What has been almost forgotten is that Hoffa Sr. went to federal prison in 1967 for stealing from pension funds and jury tampering. The first Hoffa brought the Mafia into the highest levels of the union. He turned the Central States Pension Fund--the Teamsters' largest--into the mob's bank.
The Hoffa myth would have gone to the grave with him if those who succeeded him weren't such ridiculous figures. Frank Fitzsimmons, Roy Williams, Jackie Presser and William McCarthy were all identified with extravagant living and hobnobbing with gangsters and Republican presidents. Meanwhile, the union kept declining from the mid-1970s through the 1980s, virtually collapsing in the freight industry that was once its core.
Hoffa Jr., meanwhile, worked in obscurity as a labor lawyer--but one who showed loyalty to the officers of the Teamsters. Junior's fortunes changed following the 1990 settlement of the U.S. Justice Department's lawsuit against the Teamsters.

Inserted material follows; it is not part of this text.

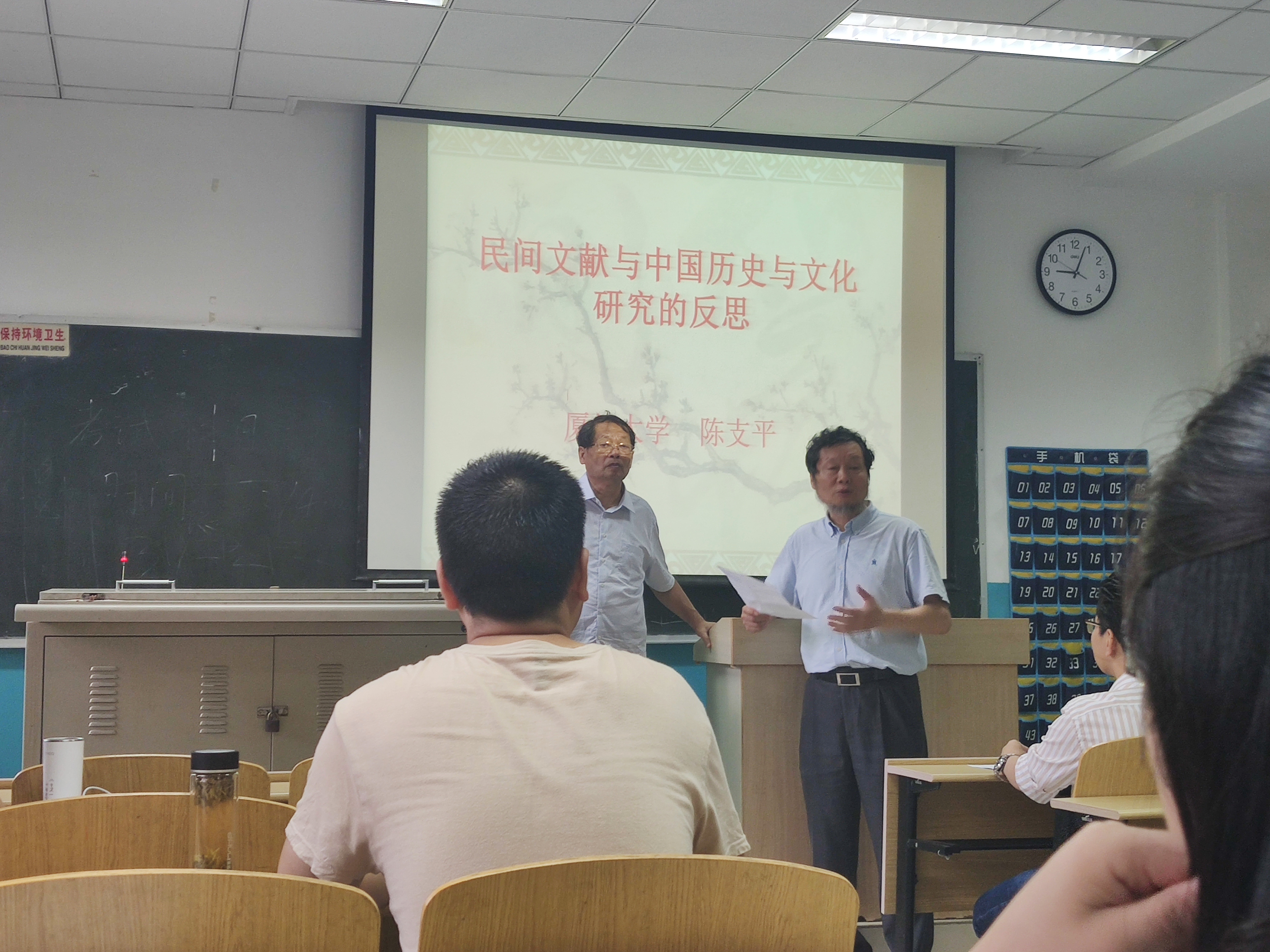 6月27日上午,厦门大学国学院院长陈支平教授应邀做客我校“侯外庐学术讲座”第一百七十九讲,为师生做题为“民间文献与中国历史与文化研究的反思”的学术报告。报告由我院院长陈峰教授主持。

The settlement established the right of members to elect top officers of the union and delegates to the union convention. It also created the Independent Review Board (IRB), with draconian powers to investigate and punish any union member involved in corrupt practices or associated with organized crime.
The first election for union president and the general executive board was held in the fall of 1991. Hoffa declared himself a candidate for president, but was quickly ruled ineligible because he lacked the prerequisite two years of membership in the Teamsters to qualify.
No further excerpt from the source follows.